Obstacle Detection and Object Classification for Off-road Autonomous Vehicle
Francesco Borrelli, Professor
Mechanical Engineering
Applications for Spring 2025 are closed for this project.
This project builds upon an existing 1/10-scale off-road autonomous vehicle platform to explore and operate in unknown and changing environments, including sandy beaches, gravel, and forests. The control stack must make use of onboard sensors (RGBD camera, IMU) to map the environment and plan feasible and cost-effective routes in real-time. The operator will have access to the camera feed on a display, and your goal is to design an obstacle detection and object classification software to help the user understand the environment.
Role: Data collection and annotation: Students will use a combination of open-source datasets and training data provided by graduate student mentors and annotate the data.

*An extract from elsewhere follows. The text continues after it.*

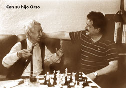 Cuando se da con la palabra clave, hay que repetirla. Incluso hasta la saciedad. Ya sea un poeta o un político el que se encuentre con ella. Recordemos también al gran músico, porque le basta un tema simple y esencial para desarrollar la sinfonía. Una frase popular es suficiente y una canción cualquiera, para que todos nos unamos al canto melódico y verbal. (Inventario.)Por otro lado, la actitud artística y extravagante de su persona, pese a su amor por los sonidos clásicos, era más cercana a la de un incendiario Jimi Hendrix que a la de Bach o Mozart. (¡Si me escuchara...!) Recuerdo que al enseñarnos a leer poesía en voz alta o a jugar ajedrez analizando las partidas de los grandes maestros por quienes sentía devoción infinita, el elemento rítmico de su vida brotaba con euforia como sucede en el mejor de los solos de batería. Pocos lo han dicho con claridad: mi abuelo no fue un gran ajedrecista, fue un gran amante de la batalla sobre el tablero, y más aún, de la batalla que antecedía a la derrota pero en la que se podía "solear", experimentar... ("Donde quiera que haya un duelo, estaré de parte del que cae.") No le importaban tanto las aperturas y los finales como la parte media del enfrentamiento, ese punto donde improvisación y genio se le unían gracias al ritmo de la conversación con sus mejores amigos; ritmo del sacrificio y de una armonía provocada por esas mesas de escaques construidas en su taller, bajo su riguroso diseño, y que soportaban piezas perfectas en peso y medida. (¡Cómo le gustaba sopesar alfiles y peones, hacer temblar reinas, reyes y torres para comprobar su estabilidad! Pero el favorito siempre era el caballo.) Era en esos momentos cuando mi abuelo era más jazzista que nunca. Ahí y en la televisión, cuando había que construir una hora de discurso mirando negros sobre blancos, edificios, mujeres, esculturas... ideas. Y para orquestar la partitura original del universo en un coro que cante la misma salvadora melodía, no acudimos a las cuerdas, a las maderas y a los cobres musicales. Pero ni siquiera a las percusiones pacíficas, por más estentóreas que sean en los timbales, en los platillos y en las cajas chicas o grandes de panderos, tambores y tamboras... (¿Para qué hablar ahora de triángulos, de tímpanos, de xilófonos, de órganos de viento y agua, de virginales, harpsicordios y clavecines y clavicémbalos, si todos se tocan en una clave más o menos bien temperada, desde la espineta hasta el piano forte que a veces suena pianísimo?) Lo cierto es que ahora empuñamos todos, y cada uno a su manera, instrumentos de muerte. En plan de solistas que destruyen, en beneficio propio, la sinfonía universal. Allá ellos. (Inventario.)Pero retrocedamos un poco. La relación de mi abuelo con la música empezó desde joven, con los géneros populares y gracias a la tradición musical de Jalisco. No hay que olvidar que Consuelo Velázquez fue coetánea suya, nacida en Zapotlán, lo mismo que Rolón, quien fuera director del Conservatorio Nacional. Asimismo, mi abuelo tuvo alguna relación con otros paisanos como Rubén Fuentes (a quien mi abuela recuerda tocando el acordeón y pretendiendo a su hermana Laura), Los Hermanos Reyes, Blas Galindo... Sin embargo, fue hasta su entrada a la escuela de teatro de Bellas Artes que Fernando Wagner, permitiéndole acceso libre a los conciertos en la sala principal, lo introdujo de lleno al mundo de las sonoridades "cultas". En aquellos años vería a grandes músicos e incluso tendría contacto con algunos, como Igor Stravinsky, a quien conocería junto con su primo Carlos Arreola tras colarse a los camerinos siguiéndole los pasos a don Alfonso Reyes. O con el director Sergiu Celibidache, con quien viviera una pequeña anécdota que mi tía Claudia recuerda muy bien: "Es una anécdota curiosa porque tu abuelo le salvó la vida a Celibidache. El hombre andaba muy lunático por aquella época y mi papá se dio cuenta de que lo iban a atropellar en la calle, así que a pesar de que el hombre era grande y fuerte, pues tu abuelo alcanzó a tomarlo por la cintura y hacerlo hacia atrás. Hasta ese momento reaccionó este individuo y fue cuando tu abuelo le dijo en francés que estaba en un grave peligro. Así que de ahí se fueron al hotel a platicar y pues Celibidache se quedó muy impresionado con tu abuelo, que después le llevó algunos de sus textos. Este hombre le dijo a tu abuelo que ya era un iniciado y que, en pocas palabras, se tenía que poner las pilas para continuar." Variaciones

Model training: Students will design an image segmentation and classification model based on state-of-the-art models
Deployment and tuning: Students will deploy the model on the platform and tune the model for better performance.
Potential extension to a user interface that reports the objects around the vehicle.
Qualifications: Students must have experience coding in Python, including PyTorch and computer vision libraries. Background in computer vision is preferred. Prior experience with ROS is beneficial.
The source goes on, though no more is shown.